[Records supplied Boundary: Start]
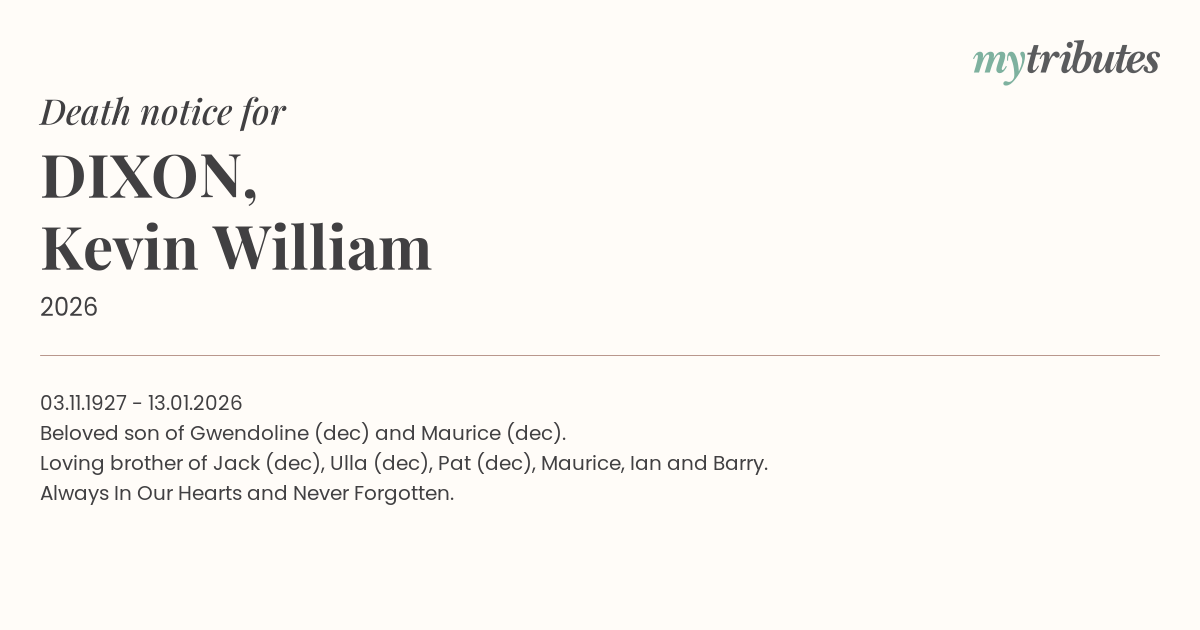 Beloved son of Gwendoline (dec) and Maurice (dec).
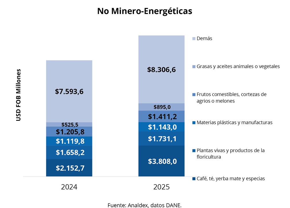 Entre los principales productos no minero-energéticos exportados en este periodo se encuentran los relacionados con los demás cafés sin tostar, sin descafeinar (USD FOB $3.671,5 millones), seguido por las demás flores y capullos frescos, cortados para ramos o adornos (USD FOB $841,4 millones) y Bananas o plátanos tipo “cavendish valery” frescos con USD FOB $834,2 millones.
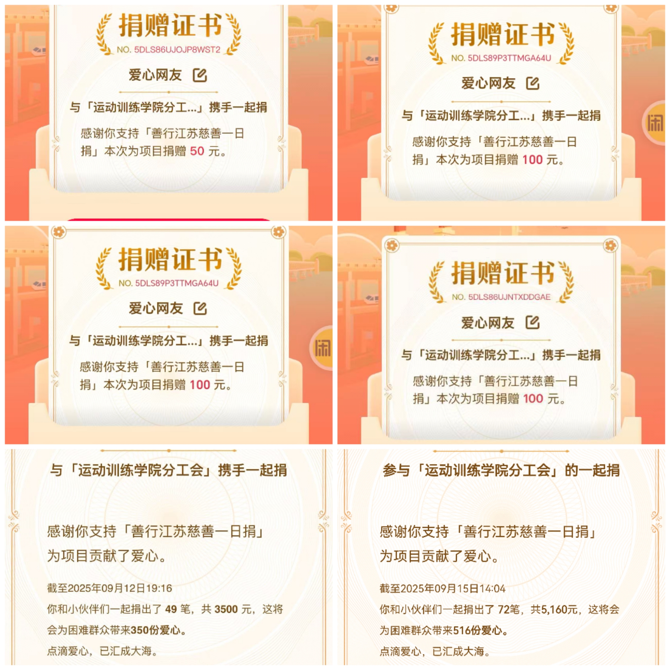 为深入学习贯彻习近平总书记关于慈善工作的重要论述,传承扶贫济困、乐善好施的中华民族传统美德,凝聚全院教职工爱心力量,助力社会公益事业发展,近日,运动训练学院分工会启动2025年“慈善一日捐”活动,同步响应学校“线上+线下”联动的捐赠模式,号召全院教职工积极投身公益。
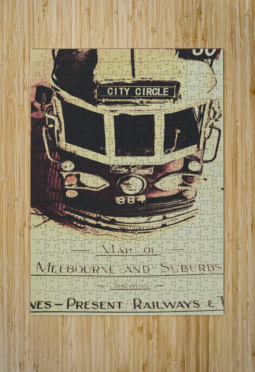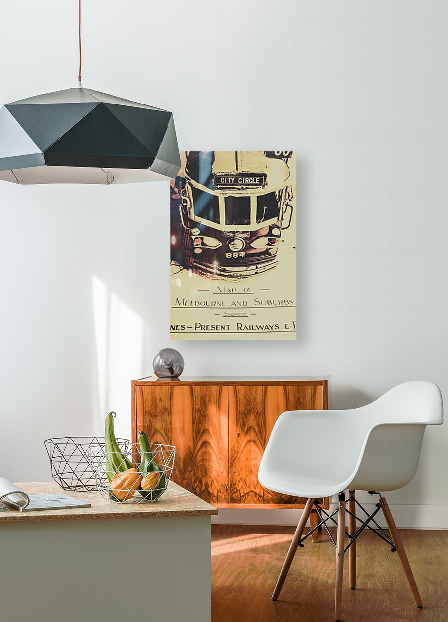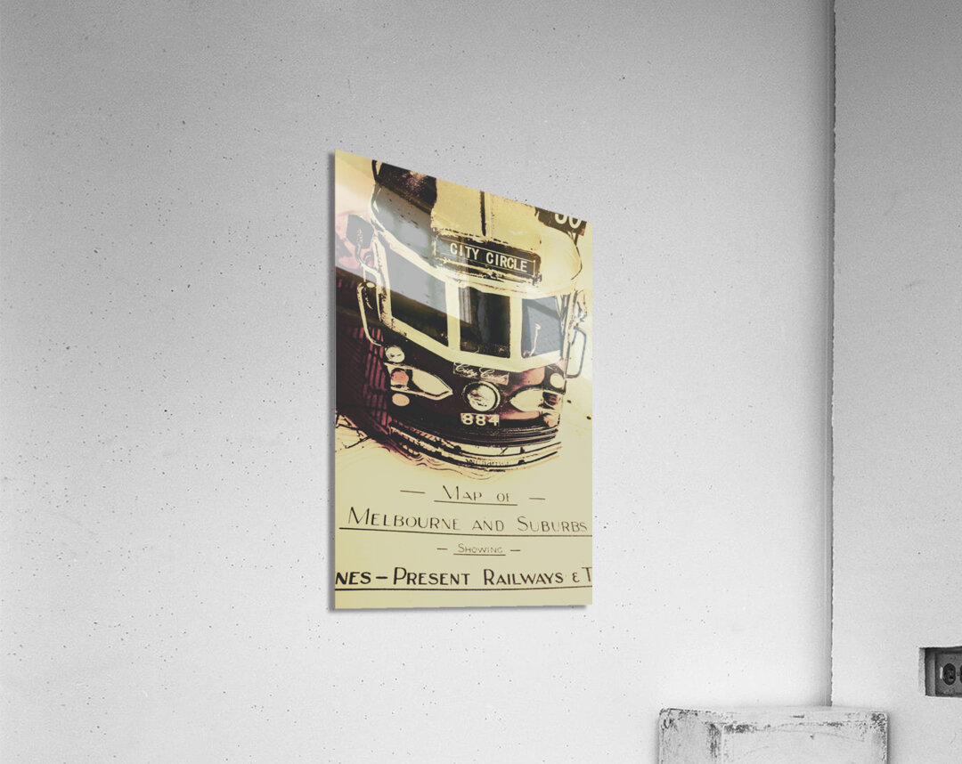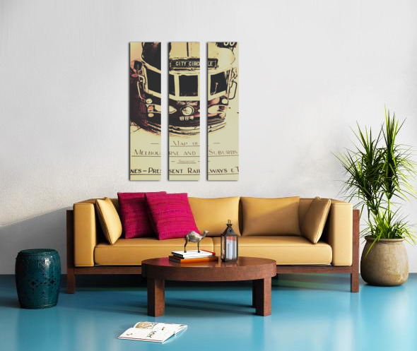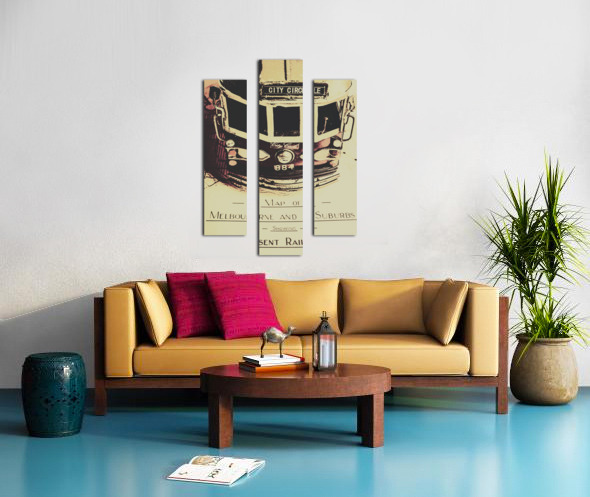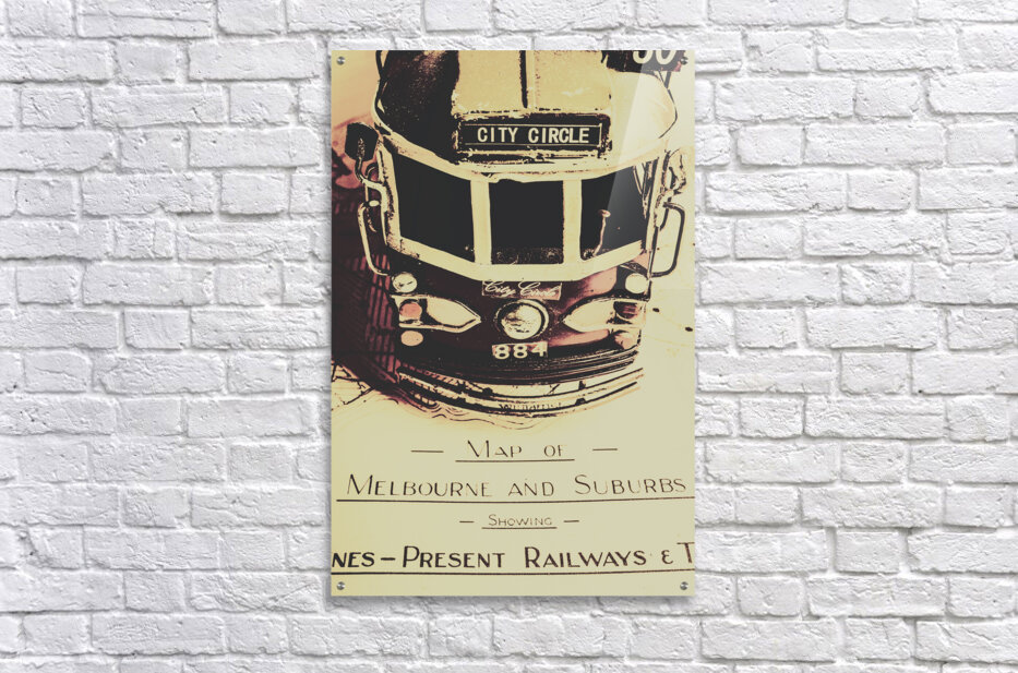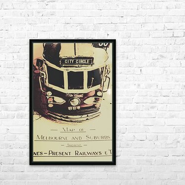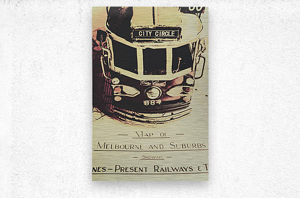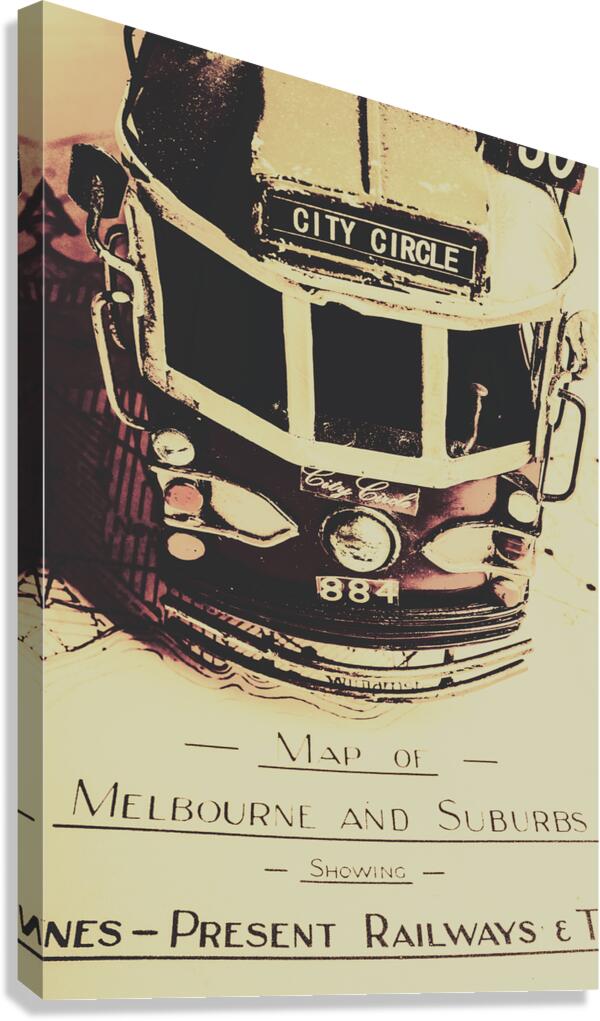 Urban street artwork in the replication of an old Melbourne sightseeing tour with tram on travelling itinerary. Pop art city tours
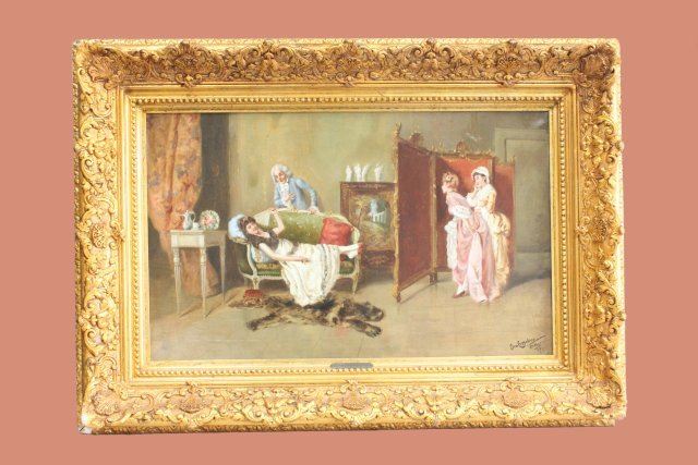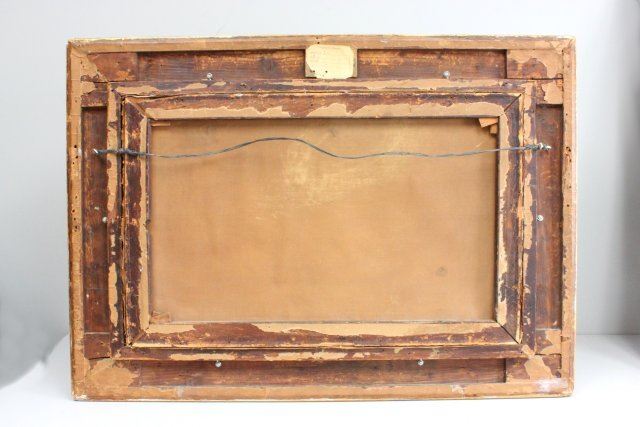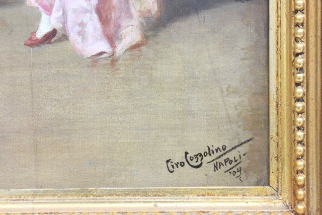 Oil on canvas. Dated 1904. Napoli. Approx. 28" W x 17" H unframed, 37" W x 27" H framed.
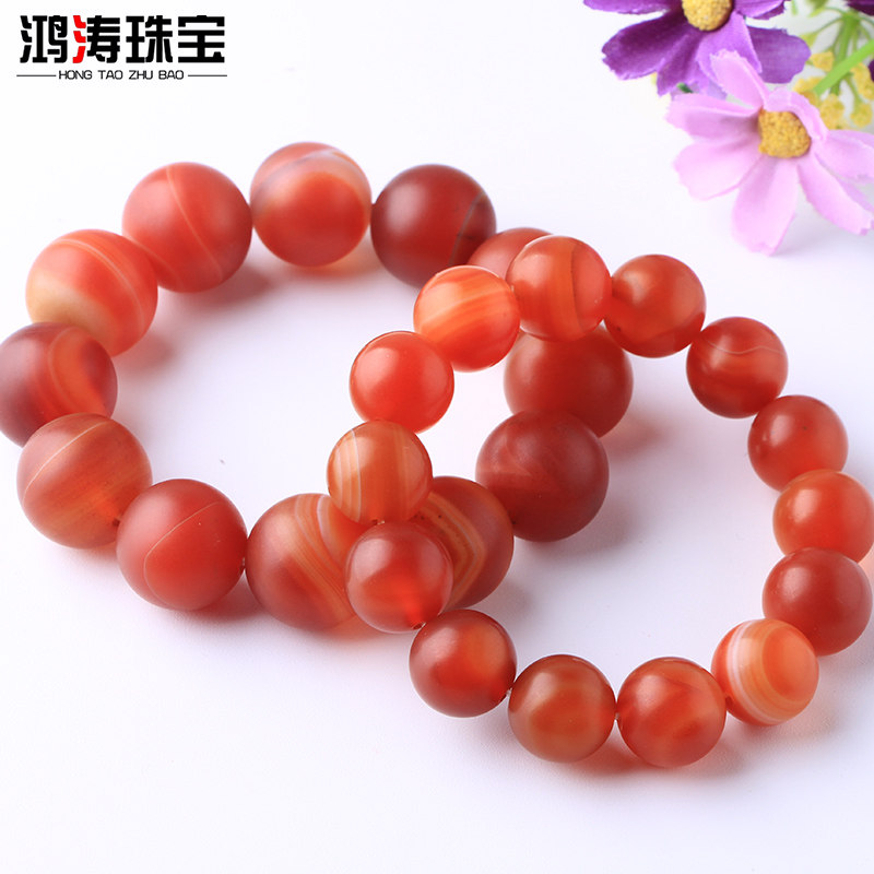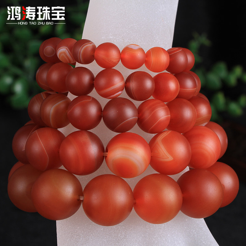 鸿涛天然红色玛瑙手串单圈玉髓手链男士缠丝玉石串珠链磨砂散珠子
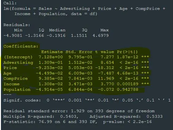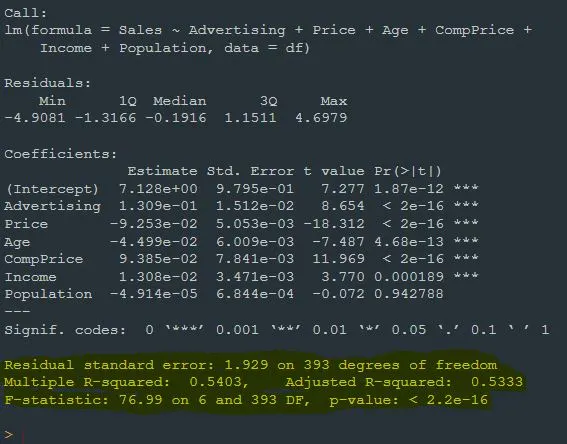 model <- lm(Sales~Advertising+Price+Age+CompPrice+Income+Population,data=df)
[Records supplied Boundary: End]
● **Description of the task**:
Return the lines above from the one with "为深入学习贯彻习近平总书记关" through the one with "Oil on canvas.", verbatim and nothing else. Omit every picture.

● **Solution to this exercise**:
 为深入学习贯彻习近平总书记关于慈善工作的重要论述,传承扶贫济困、乐善好施的中华民族传统美德,凝聚全院教职工爱心力量,助力社会公益事业发展,近日,运动训练学院分工会启动2025年“慈善一日捐”活动,同步响应学校“线上+线下”联动的捐赠模式,号召全院教职工积极投身公益。
 Urban street artwork in the replication of an old Melbourne sightseeing tour with tram on travelling itinerary. Pop art city tours
 Oil on canvas. Dated 1904. Napoli. Approx. 28" W x 17" H unframed, 37" W x 27" H framed.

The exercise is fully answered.